Круглая корзинка - Розалия Амусина
Шрифт:
Интервал:
Закладка:
— Ты на Людмилу не обижайся, что она не бросила читать, — у неё совсем нет времени: она учится в институте на историка и работает, потому что меня и Алёнку, понимаешь, кормить надо… Она, знаешь, до чего дошла? Вчера приходит ей какая-то повестка, там в конце написано — явиться в 18.30, а она читает: явиться в 1830 году…
— Люда! — громко позвал Валерий. — Скоро, что ли, у тебя там цари перебьют друг друга? А то мы пока с голоду помрём…
— Что?.. Ах да, давно пора обедать. — Людмила вскочила, протёрла покрасневшие глаза. — Мойте руки, сейчас подам на стол. — Она потрепала Алёнку по голове и огорчённо причмокнула: — Ну что за ребёнок! Только что её вымыли, и уже полная голова песку!

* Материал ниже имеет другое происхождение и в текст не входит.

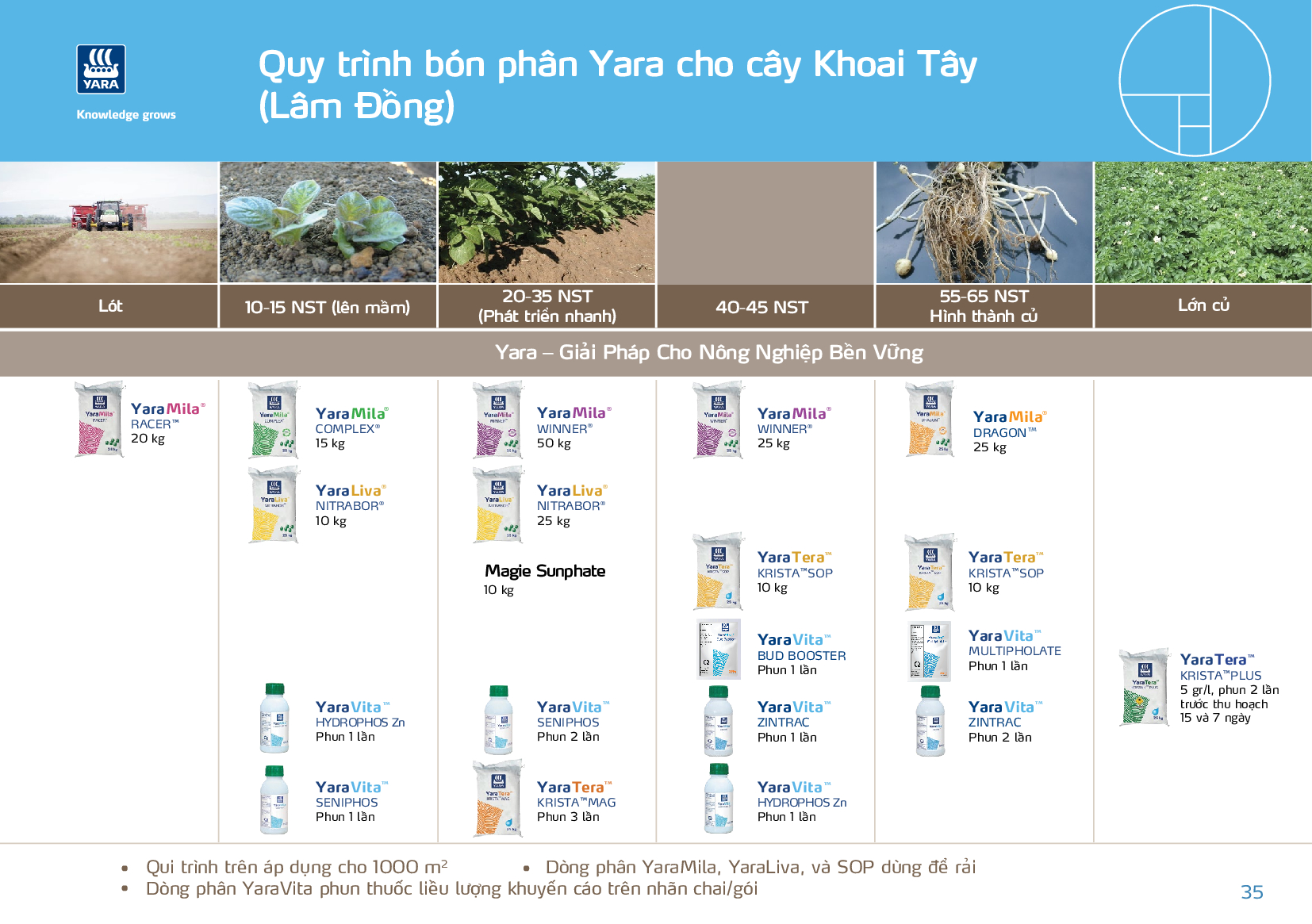 Tuyên bố miễn trừ trách nhiệm: Đối với kiến thức và sự hiểu biết tốt nhất từ phía Yara, thông tin trong tài liệu này là chính xác kể từ ngày biên soạn. Tuy nhiên, Yara không tuyên bố, bảo đảm hoặc cam kết về độ chính xác, độ tin cậy, tính đầy đủ, tính kịp thời và hoặc sử dụng của thông tin. Trách nhiệm của người dùng là xác định phù hợp và đầy đủ thông tin này đối với mục đích sử dụng hoặc mục đích cụ thể của người dùng. Nội dung thông tin phải được điều chỉnh cho phù hợp với điều kiện địa phương và người dùng phải luôn đọc nhãn hiệu cho từng sản phẩm trước khi sử dụng. Yara không nhận bất kỳ trách nhiệm pháp lý nào đối với bất kỳ tổn thất hoặc thiệt hại nào có thể xảy ra từ bất kỳ việc sử dụng thông tin này

— Людочка, не беспокойся, это же песок с нашего двора!
В этот момент в комнату вбежал кудлатый щенок с остренькой мордочкой и хитрющими глазами. Шерсть у него была чёрная, лохматая и на спине как бы пробором разделялась.
— Знакомься, — сказал Валерка, — это Цезарь, четвёртый член нашей семьи. Назван в честь древнего полководца Юлия Цезаря.
— А я зову его просто Юлька, — сказала Алёнка.
…Людмила разлила по тарелкам суп. Меня тоже усадили обедать.
— Ой, суп с фрикатюльками! — обрадовалась Алёнка.
— Кажется, суп сегодня удачный, — сказала Людмила и тут же опять раскрыла свою большую книгу, подперла её хлебницей и, не притронувшись к супу, стала читать.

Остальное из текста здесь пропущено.